Stored items from a collection:
-- Opening Marker --
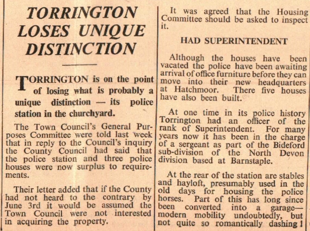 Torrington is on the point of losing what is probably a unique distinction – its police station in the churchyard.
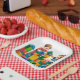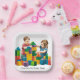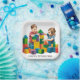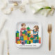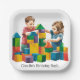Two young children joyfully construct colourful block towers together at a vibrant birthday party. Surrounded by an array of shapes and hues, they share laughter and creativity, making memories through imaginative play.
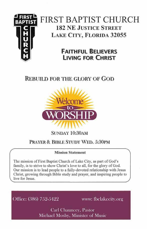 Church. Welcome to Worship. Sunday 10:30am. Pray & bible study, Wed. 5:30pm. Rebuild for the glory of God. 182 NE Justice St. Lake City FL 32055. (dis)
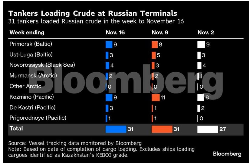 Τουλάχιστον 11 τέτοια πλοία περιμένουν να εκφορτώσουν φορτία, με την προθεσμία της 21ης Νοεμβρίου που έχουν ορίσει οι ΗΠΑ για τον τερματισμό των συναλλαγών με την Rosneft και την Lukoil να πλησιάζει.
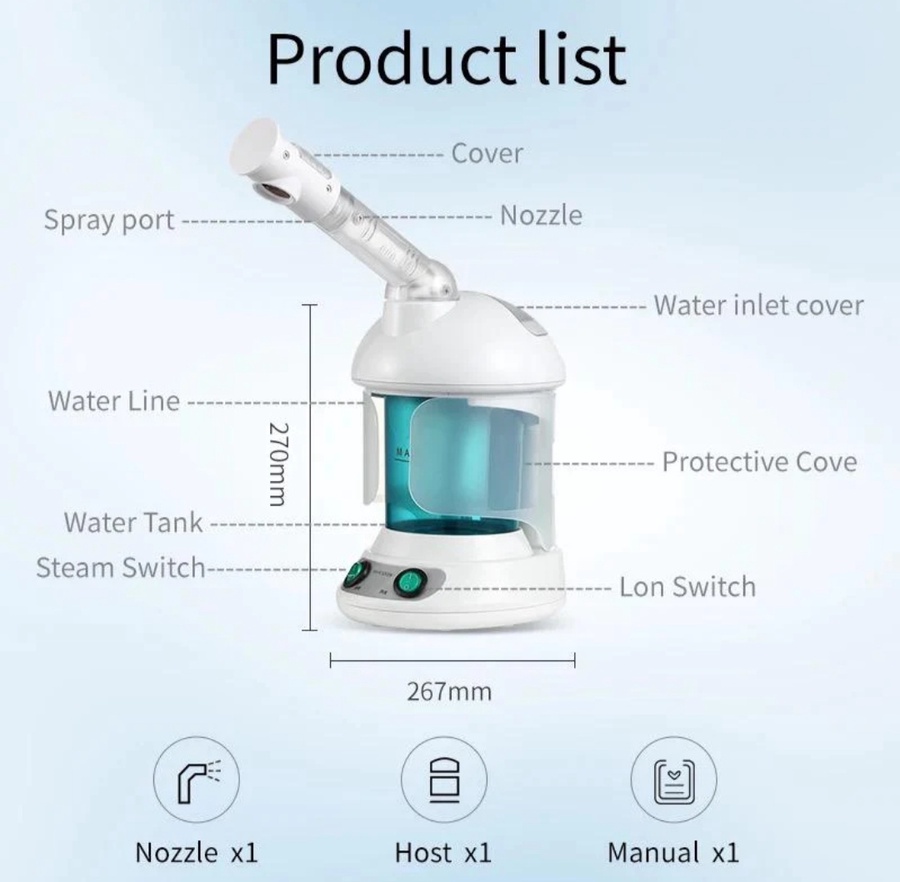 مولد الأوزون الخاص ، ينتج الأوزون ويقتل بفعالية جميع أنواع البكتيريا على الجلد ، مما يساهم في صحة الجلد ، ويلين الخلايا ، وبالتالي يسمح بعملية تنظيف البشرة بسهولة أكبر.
-- Closing Marker --
■ What you need to do ■
Above are the records; copy from them only the lines starting at the one containing "Church. Welcome to" and ending at the one containing "Τουλάχιστον 11 τέτοια", exactly and without pictures.

■ Solution to the exercise ■
 Church. Welcome to Worship. Sunday 10:30am. Pray & bible study, Wed. 5:30pm. Rebuild for the glory of God. 182 NE Justice St. Lake City FL 32055. (dis)
 Τουλάχιστον 11 τέτοια πλοία περιμένουν να εκφορτώσουν φορτία, με την προθεσμία της 21ης Νοεμβρίου που έχουν ορίσει οι ΗΠΑ για τον τερματισμό των συναλλαγών με την Rosneft και την Lukoil να πλησιάζει.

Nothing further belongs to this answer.